I need to use python to take N number of lines from large txt file. These files are basically tab delimited tables. My task has the following constraints:

  • These files may contain headers (some have multi-line headers).
  • Headers need to appear in the output in the same order.
  • Each line can be taken only once.
  • The largest file currently is about 150GB (about 60 000 000 lines).
  • Lines are roughly the same length in a file, but may vary between different files.
  • I will usually be taking 5000 random lines (I may need up to 1 000 000 lines)

Currently I have written the following code:

inputSize=os.path.getsize(options.input)
usedPositions=[] #Start positions of the lines already in output

with open(options.input) as input:
    with open(options.output, 'w') as output:

        #Handling of header lines
        for i in range(int(options.header)):
            output.write(input.readline())
            usedPositions.append(input.tell())

        # Find and write all random lines, except last
        for j in range(int(args[0])):
            input.seek(random.randrange(inputSize)) # Seek to random position in file (probably middle of line)
            input.readline() # Read the line (probably incomplete).
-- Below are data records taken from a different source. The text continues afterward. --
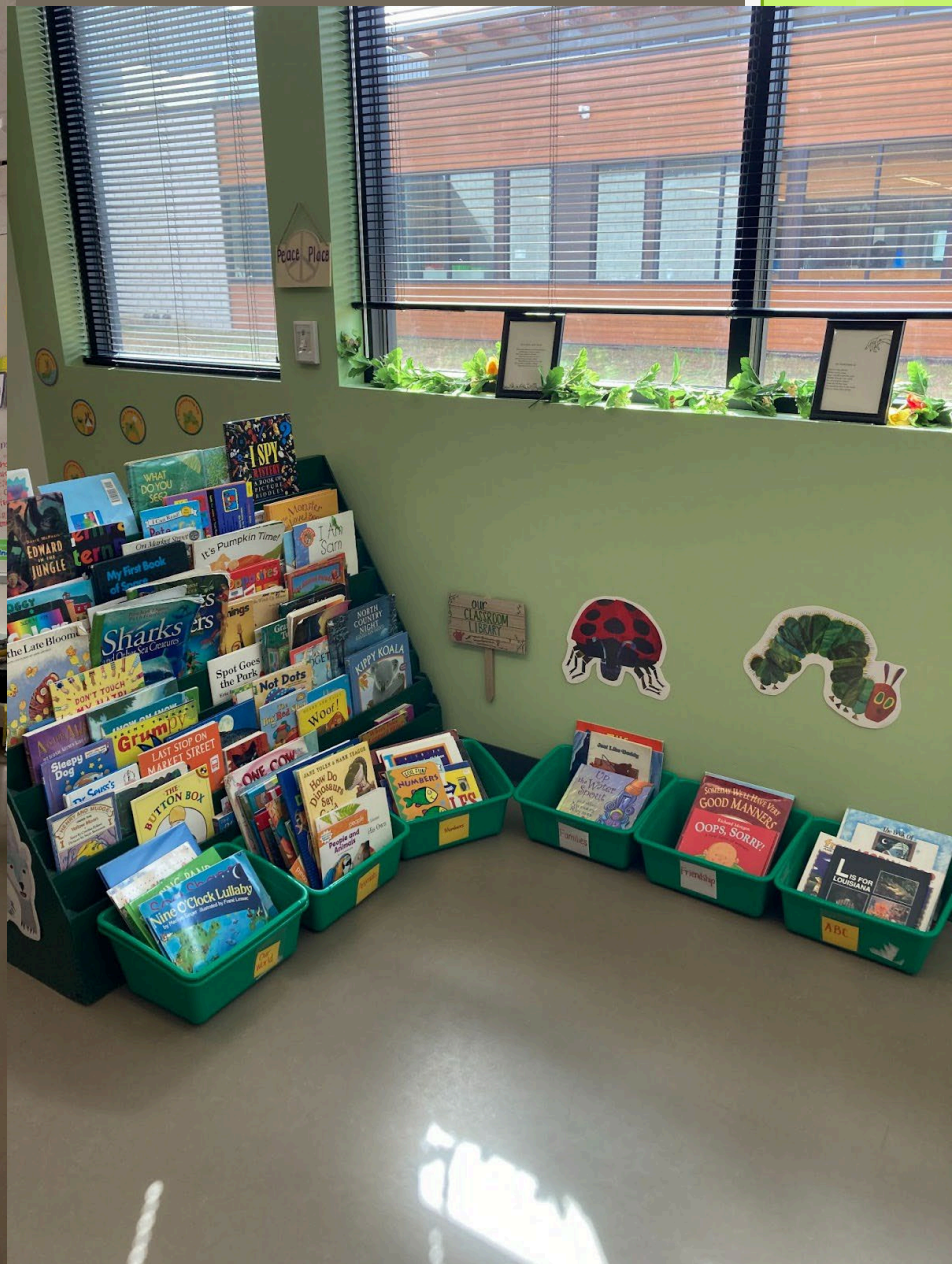
Inside a Kindergarten classroom.
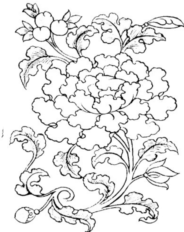
Figure 10—Lotus Flower
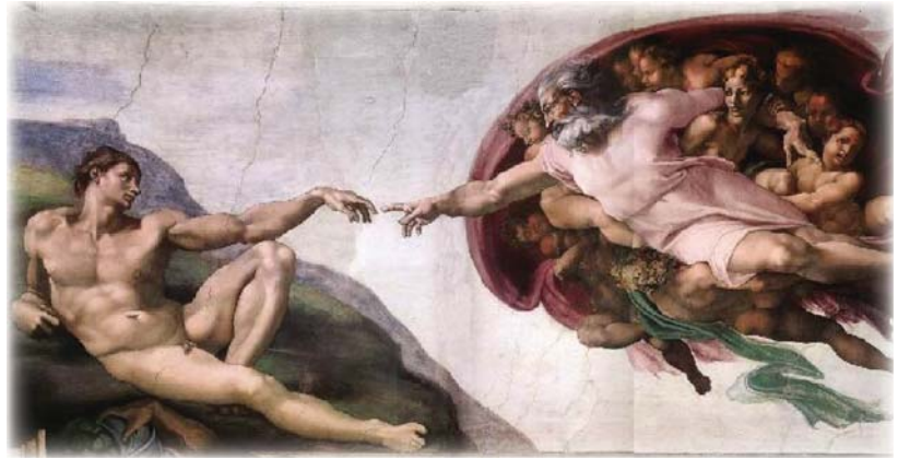
"Creation of Adam" Fresco by Michelangelo Buonarroti, 1510
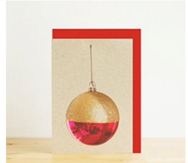
A7 card: Bauble Unit cost: £0.73 (ex VAT) Stock code: HLS - 042
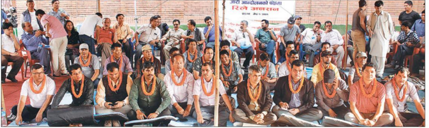
■ Tourism entrepreneurs on a relay hunger strike at the Nepal Tourism Board premises on Thursday. Thirty-five associations working in the tourism sector are demanding the government to investigate irregularities in the board.
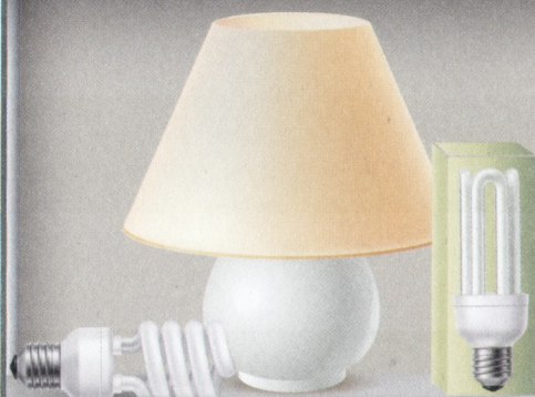
ENERGY & CLIMATE

Technology As a society we're beginning to understand the need to regulate the digital world and to think about how best to do so. But Big Tech wants to use the US-UK trade deal to keep the online world unregulated. The deal would concentrate even more power over our economy into the hands of a small number of US tech firms like Google, Amazon and Facebook.
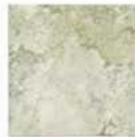
Verde 6140AP 12x12 6142AP 18x18
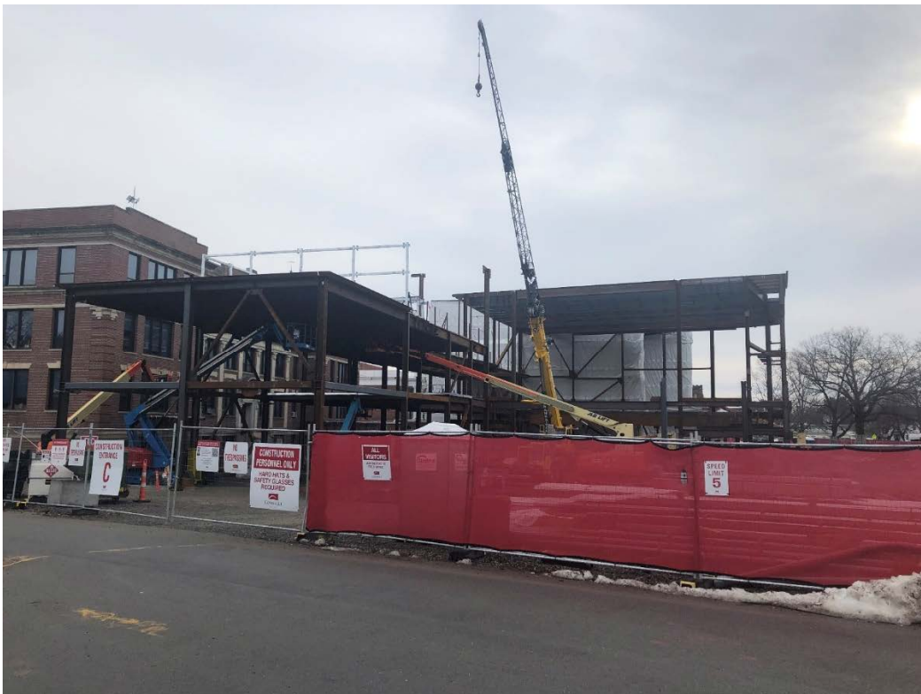
Photograph 2: Building E Steel Erection progress photo
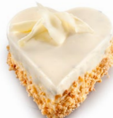
ALMOND HEART INDIVIDUAL CAKE
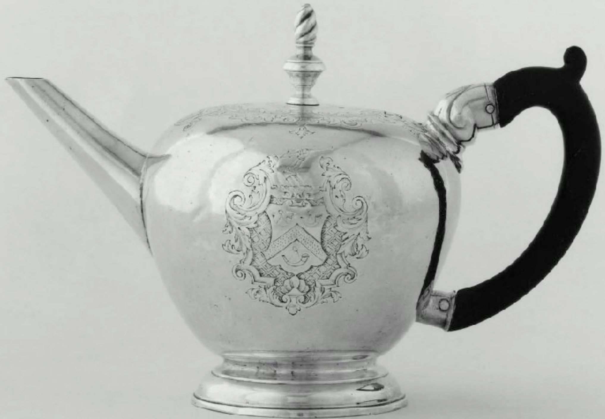
American Silver Teapot from Boston, Massachusetts by Paul Revere, Sr. c. 1740 (Museum of Fine Arts, Boston)
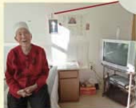
Emergency call system installed in the residents' rooms

• My mother came to the home in 2006. She has a problem with swallowing food, and it used to take the sisters more than an hour to feed her each meal, standing up. My mother has been bedridden for 10 years, and yet she's never suffered from any bedsores. We as her children could not have done better if she had stayed at home. I'm so touched by the good work of the sisters! With the addition of the fire alarm and sprinkler system, bells for emergency calls, my mind is at ease all the more.
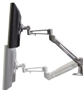
Raise and lower
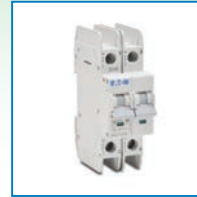
UL 489 Miniature Circuit Breakers, up to 40A starting at $17.50
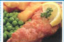
MSC Fish portion tomato ketchup, oven chips peas & sweetcorn
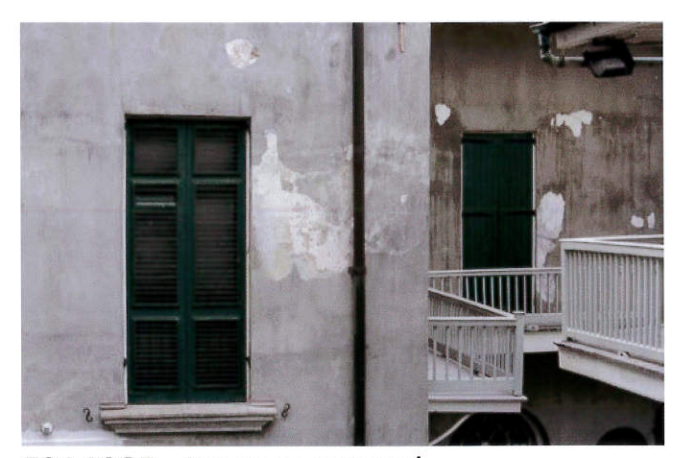
E3A1985 - Inner courtyard
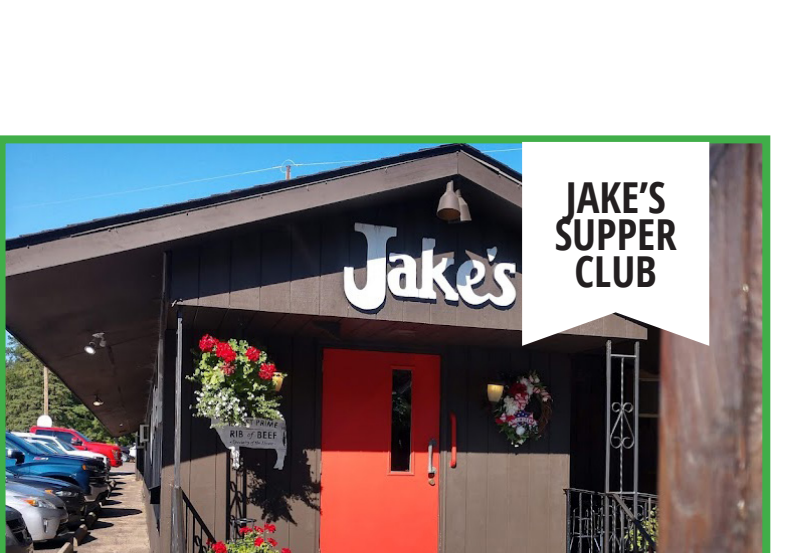
JAKE'S SUPPER CLUB
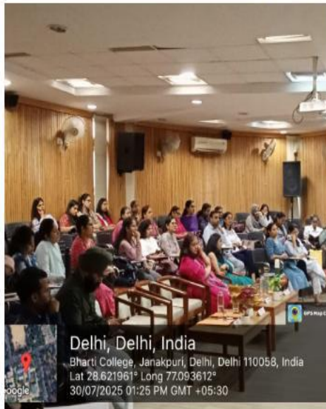
Delhi, Delhi, India Bharti College, Janakpuri, Delhi, Delhi 110058, India Lat 28.621961° Long 77.093612° 30/07/2025 01:25 PM GMT +05:30
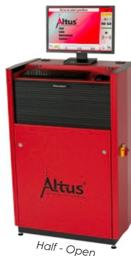
Half - Open
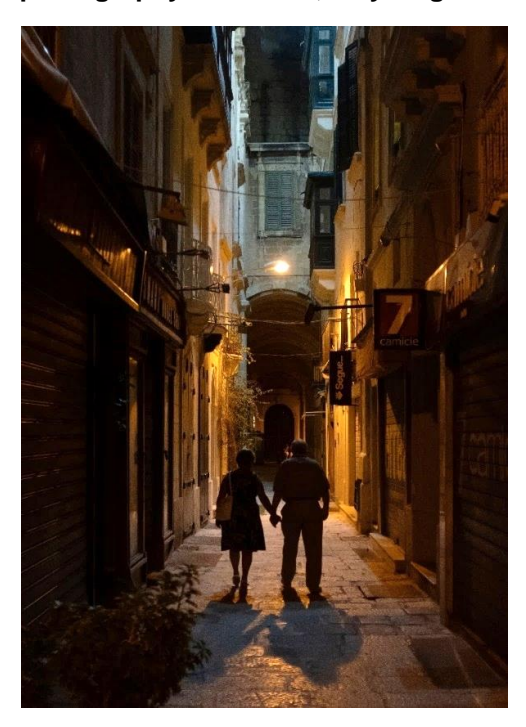
Night Stroll, Valletta Auctioned online in aid of The Malta Community Chest Fund Foundation, December 2021
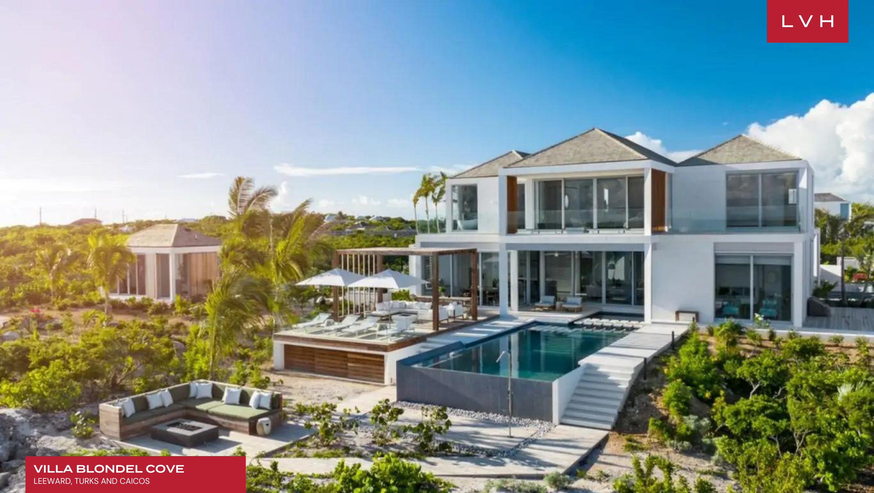
VILLA BLONDEL COVE LEEWARD, TURKS AND CAICOS
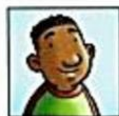
his best friend
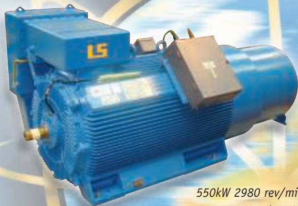
550kW 2980 rev/min 11000V 3ph 50Hz Low Noise Pump Drive Motor

Lead-time for this range of machines has been reduced through a deliberate rationalisation of production methods and component procurement, whilst still retaining the flexibility to offer application-specific motors.
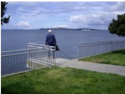
Down and up 21 steps

Start on Alki Ave & Bonair Drive. The first stair goes to the water - go up and down as many stairs as possible.
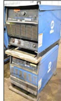
MILLER DELTAFAB mig welder
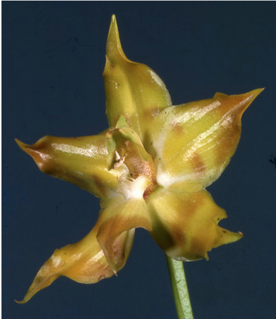
Huntleya apiculata (Rchb. f.) Rolfe.

Huntleya lucida (Rolfe) Rolfe. Orchid Review 24 (286): 236. 1916.
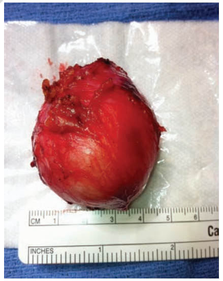
Figure 3. Gross appearance of lesion (note pseudocapsule).

A CT scan (Figure 1), demonstrated a heterogeneous mass, approximately 5 cm in diameter, with an average Hounsfield measurement of 34.47 units. A frozen section biopsy under anesthesia initially suggested an angiomyxoma, and the lesion was removed in it's entirety. Gross examination demonstrated a firm, pseudoencapsulated mass (Figures 2 and 3), which on pathologic evaluation proved to be a low grade fibromyxoid sarcoma (LGFMS) comprised of predominantly spindle-appearing cells (Figures 4 and 5). No mitotic figures were identified, and the pathologic stage was pT1apNx. LGFMS may have a rather bland histologic appearance, and are sometimes difficult to distinguish from other low grade sarcomas and benign mesenchymal tumors unless the characteristic genetic translocation [t(7;16)(q34;p11) or t(11;16)(p11;p11)] is identified. Even such stains as anti-CD34 or vimentin may not be specific enough to clearly identify LGFMS. In this case, strongly positive staining with Mucin 4 transmembrane glycoprotein (MUC 4) and weak staining with epithelial membrane antigen (EMA) confirmed the diagnosis. Positive staining for MUC 4 was recently proposed as a highly specific marker for LGFMS,1 and a high percentage of LGFMS will stain focally with EMA as well. Despite the gross appearance of encapsulation, these lesions have a propensity for local recurrence, and late distant metastases.
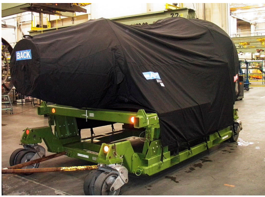
PW 2000 Series OFF-LINK ENGINE STORAGE COVER, Rain Cap
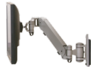
LCD Monitor Arm/Column Mounted
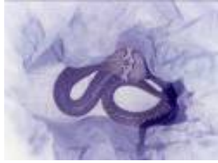
Figure 10. Naja naja atra bites the Figure 11 patient 图 10. 咬伤病患被活抓的饭匙倩
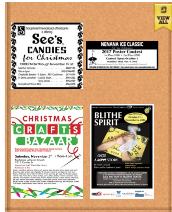
Local display advertising by PaperG
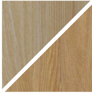
ASH C3 / OAK C3 Lacquered
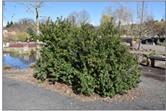
Red Escallonia

This shrub does best in full sun to partial shade. It does best in average to evenly moist conditions, but will not tolerate standing water. It is not particular as to soil type or pH, and is able to handle environmental salt. It is somewhat tolerant of urban pollution. This species is not originally from North America.
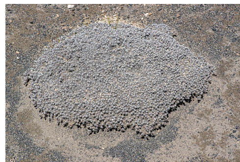
Rangipo Desert.
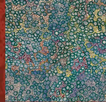
Wildflower Country Lyn Cheedy
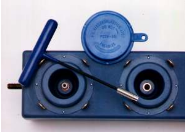
Top view of replaceable studs and protective cover.
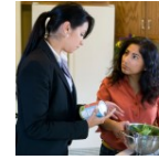
Realistic weight loss resolutions
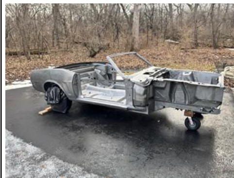
Back from Redi Strip
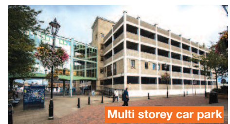
Multi storey car park
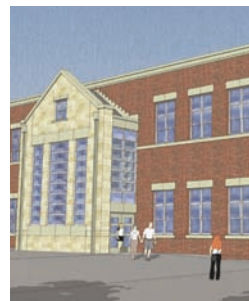
JOURNEY HOUSE LONGFELLOW CENTER FOR FAMILY LEARNING AND YOUTH ATHLETICS RENDERING
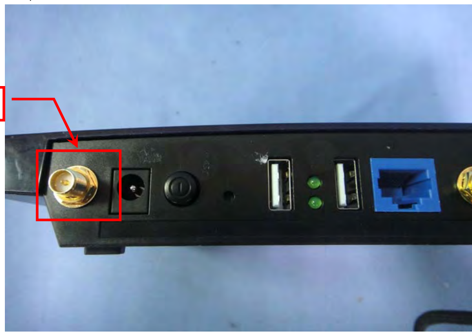
EUT Photo 8 )
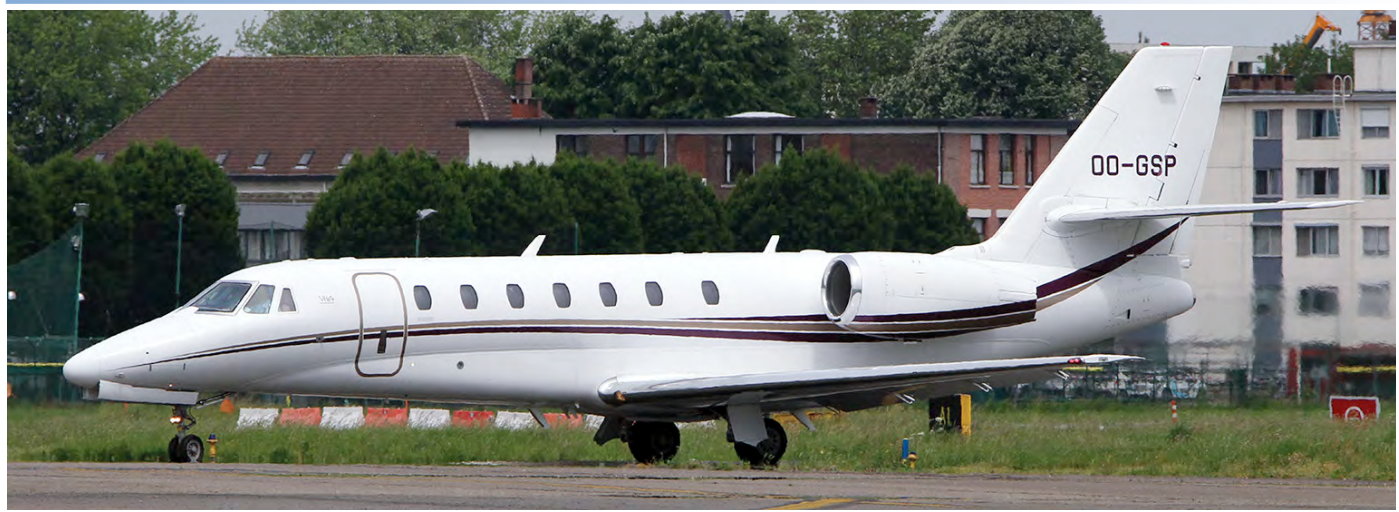
After being on the Luxembourg register for nearly ten years, former Citation Latitude LX-GSP was transferred to Air Service Liège as OO-GSP. It is seen here on the day of delivery after completing its flight from Zürich. (Antwerp, 22 May 2020,)
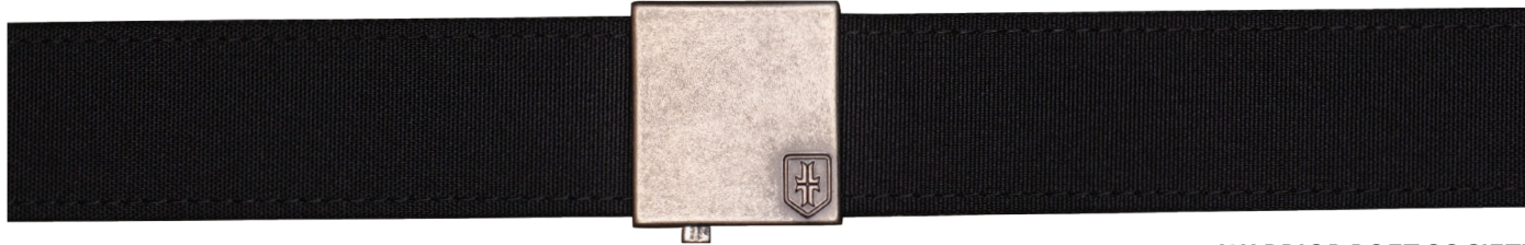
WARRIOR POET SOCIETY

We specialize in customizing our belts for business, schools and charities. They make great gifts for employees and are a wonderful marketing tool to say thank you to your customers or vendors. Contact us for pricing: sales@nexbelt.com
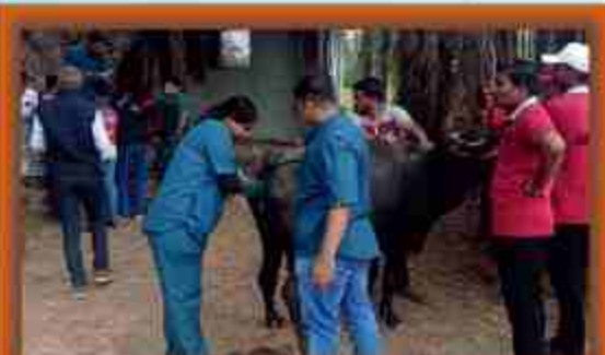
Experts examining animals during camp
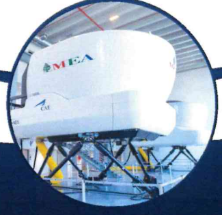
Airbus A320 Full Flight Simulators

Next input.readline() results in a complete line.
            while input.tell() in usedPositions: # Take a new line if current one is taken
                input.seek(random.randrange(inputSize))
                input.readline() 
            usedPositions.append(input.tell()) # Add line start position to usedPositions
            randomLine=input.readline() # Complete line
            if len(randomLine) == 0: # Take first line if end of the file is reached
                input.seek(0)
                for i in range(int(options.header)): # Exclude headers
                    input.readline()
                randomLine=input.readline()
            output.write(randomLine)            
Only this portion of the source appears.